PI of the Time Step of the Solution = (1 / Rank of the solution) + 15 × (1 / TTSUI) Equation 11

By using this customized crossover technique, each parent generates one child that is mainly created from the one parent but may have some time blocks from other solutions. The focus of this crossover technique is on improving the solution condition by changing some time blocks of the pump schedule (columns), and it will not affect a row (the whole operation plan of a single pump) or a cell of pump schedule individually.

The number of parents involved in each iteration and number of time steps that need to be replaced can be defined by users. The first value that users define is the crossover percentage, which defines the percentage of the solution in the population which should be selected as parents.

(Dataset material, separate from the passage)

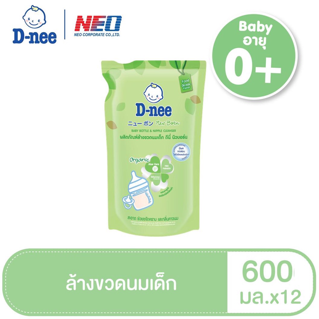 D-nee น้ำยาล้างขวดนมดีนี่ ออร์แกนิค ถุงเติม 600 มล. X12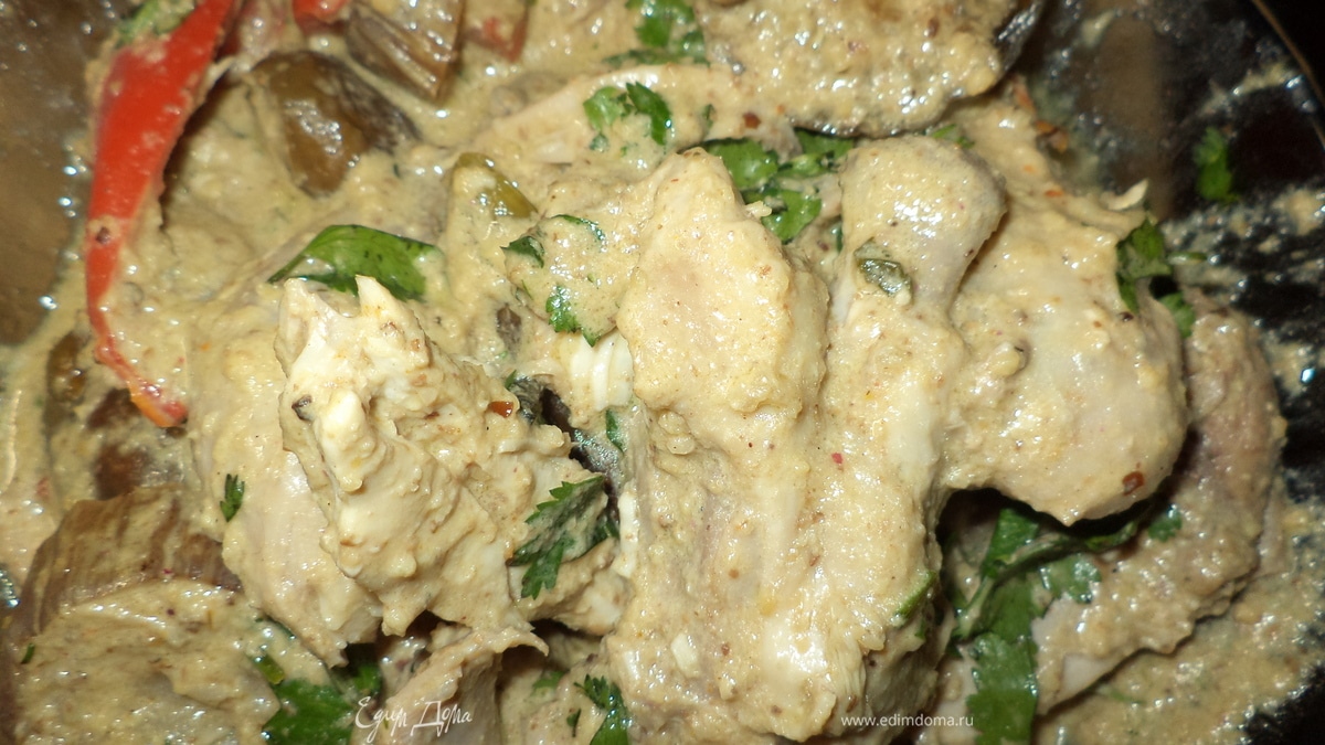 Этот рецепт моих очень близких друзей, корни главы семьи идут из Грузии,хотя там сейчас уже никого не осталось, все переехали в Россию и Краснодарский край,но многим блюдам Грузинской кухни я научилась у Сергея! Я предлагаю не совсем оригинальный рецепт этого блюда,когда у тебя почти диетическое питание,но все-таки хочется побаловать себя чем-нибудь эдаким,приходиться находить свои пропорции!В оригинале курица должна вариться в большом кол-ве специй,а в соусе должно быть больше чеснока и чили,я для себя их постаралась минимизировать,а при варке курицы использовать больше овощей и трав.

The second crossover parameter that users define is the crossover rate, which represents the percentage of the number of time steps of a solution that should be replaced with the similar time steps of other solutions. Both of these parameters can vary between 0 and 100%. By default, they are both set to 50%. This means that during each optimization iteration, by default, 50% of solutions will be selected as parents and 50% of time blocks of each selected parent will be replaced with promising time block of other solutions. It should be noted that if users want to input this numbers via the user interface they can use percentage values. However, inside the PEPSO, these percentages will be changed to a number between 0 to 1, and if users want to change them by editing the project file manually, they should convert percentages to a number between 0 to 1.